Wadden-RA; Scheff-PA; Franke-JE; Conroy-LM; Javor-M; Keil-CB; Milz-SA
Am Ind Hyg Assoc J 1995 Apr; 56(4):368-376
A study of volatile organic compound (VOC) emission patterns in a printshop was conducted. Industrial monitoring was performed by air sampling for 16 specific VOCs or classes of VOCs in a print shop containing four offset sheetfed presses and three spirit duplicators used for imprinting letterheads on stationery and envelopes. Work activities were monitored and ventilation rates were measured. Total VOCs and 13 hydrocarbons in the air samples and cleaning solvents were analyzed by gas chromatography. The data were used to calculate VOC emission rates and emission factors. VOC emission rates across all work activities varied from 160 to 1,100 grams per hour (g/hr), mean 470g/hr. The emission rates correlated well with the concentrations of total VOCs, hexane (110543), toluene (108883), and other aromatic hydrocarbons containing nine carbon atoms which were derived from estimated solvent usage and measured solvent compositions.
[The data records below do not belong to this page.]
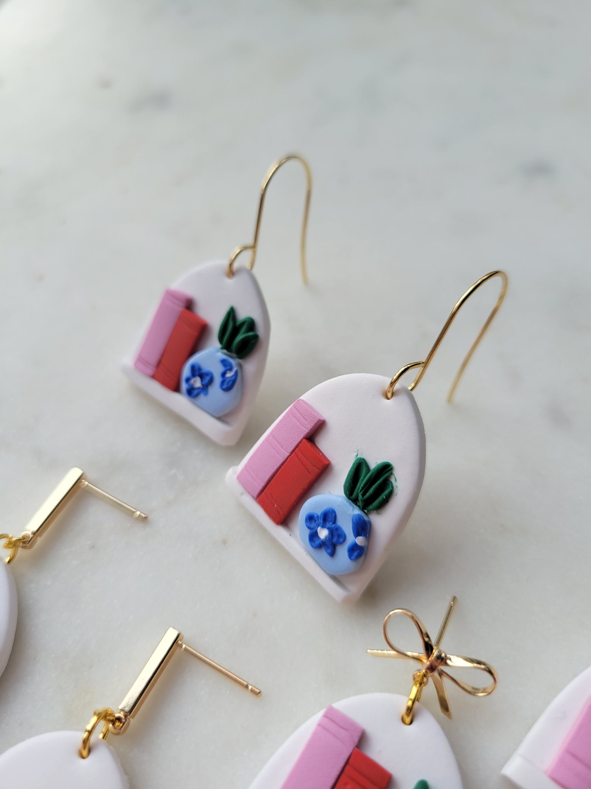 ✨ Handmade Polymer Clay Earrings – Colorful Book Lover Shelf with Snake Plant & Flower Pot | Lightweight | Nickel-Free | Clip-On & Pierced Options ✨
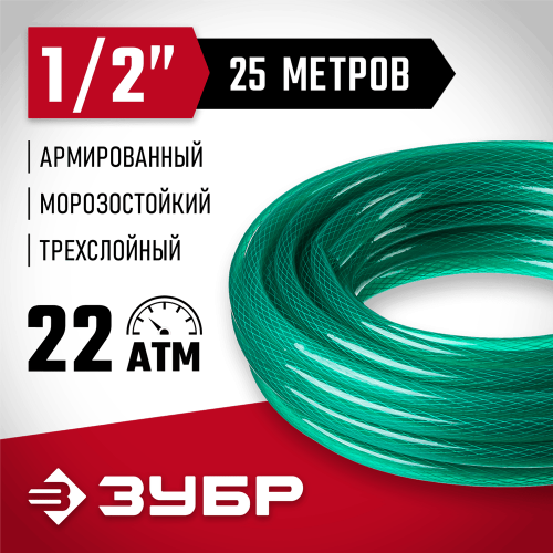 ЗУБР Ø 1/2" x 25 м, 22 атм., 3-x слойный, армированный, шланг поливочный 40311-1/2-25
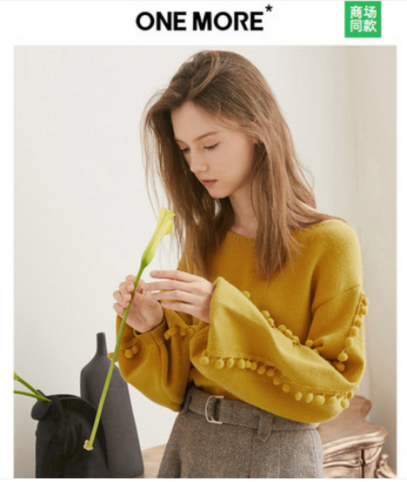 ONE MORE2018冬装新款灯笼袖针织衫毛衣女长袖上衣宽松套头打底衫
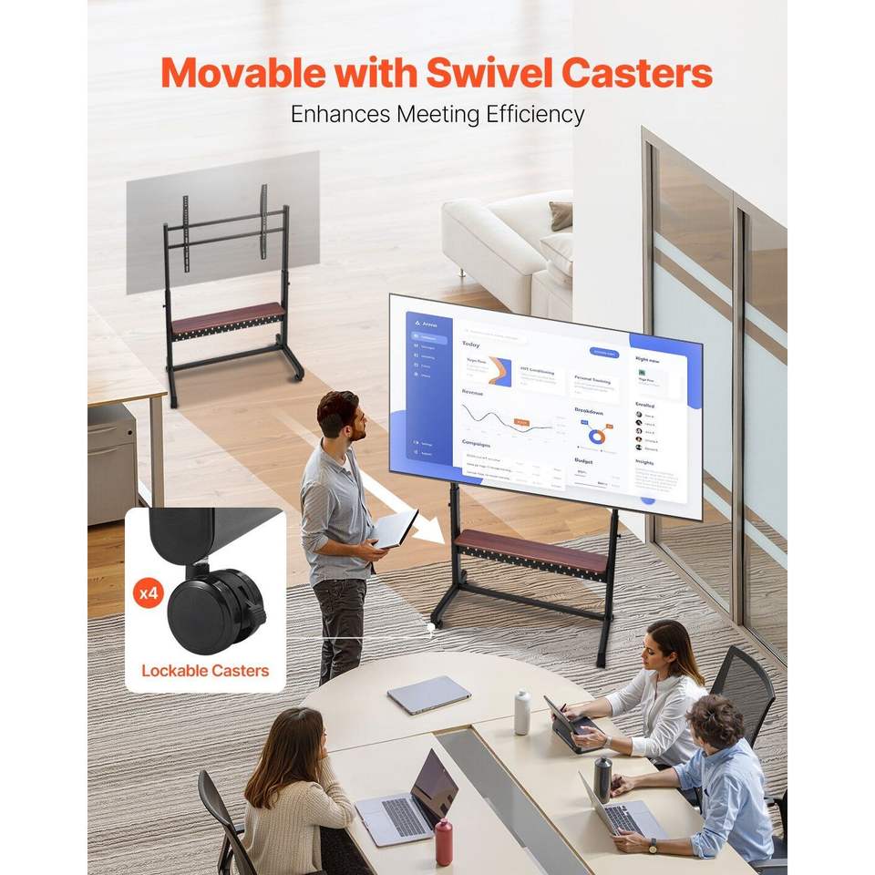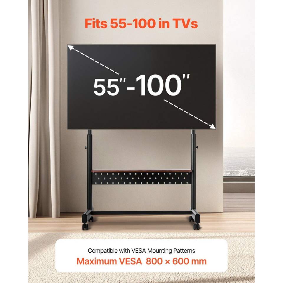 ขาตั้งทีวีแบบเคลื่อนย้ายได้ ปรับความสูงได้ สำหรับหน้าจอขนาด 55-100 นิ้ว พร้อมถาดวางของ 205 ลิตร และที่ยึดทีวี
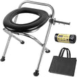 Upgraded Heavy Duty Stainless Steel Portable Toilet for Camping, Sturdy 350LBS Camp Toilet Portable, Portable Camping Toilet with Soft Seat/Toilet Bags, Black Folding Toilet for Hiking, Travel
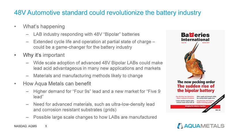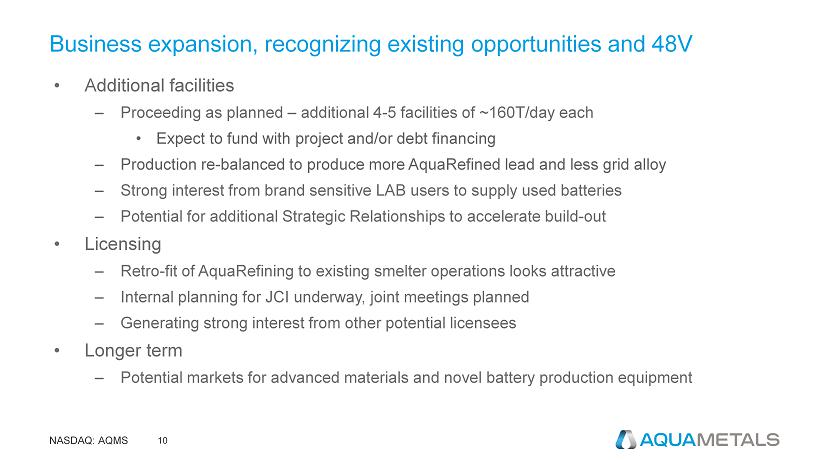 48V Automotive standard could revolutionize the battery industry • What’s happening – LAB industry responding with 48V “Bipolar” batteries – Extended cycle life and operation at partial state of charge – could be a game - changer for the battery industry • Why it’s important – Wide scale adoption of advanced 48V Bipolar LABs could make lead acid advantageous in many new applications and markets – Materials and manufacturing methods likely to change • How Aqua Metals can benefit – Higher demand for “Four 9s” lead and a new market for “Five 9 lead” – Need for advanced materials, such as ultra - low - density lead and corrosion resistant substrates (grids) – Possible large scale changes to how LABs are manufactured NASDAQ: AQMS 9

The highest emission rates were associated with press cleaning. VOC emission factors ranged up to 51 grams per work activity. The largest values were also associated with press cleaning. Based on the data obtained in this study, the authors conclude that a small print shop is likely to release 1 to 2 tons of VOCs per year into the environment. These releases represent a significant contribution to pollution by hazardous agents such as toluene, benzene, and ozone precursors.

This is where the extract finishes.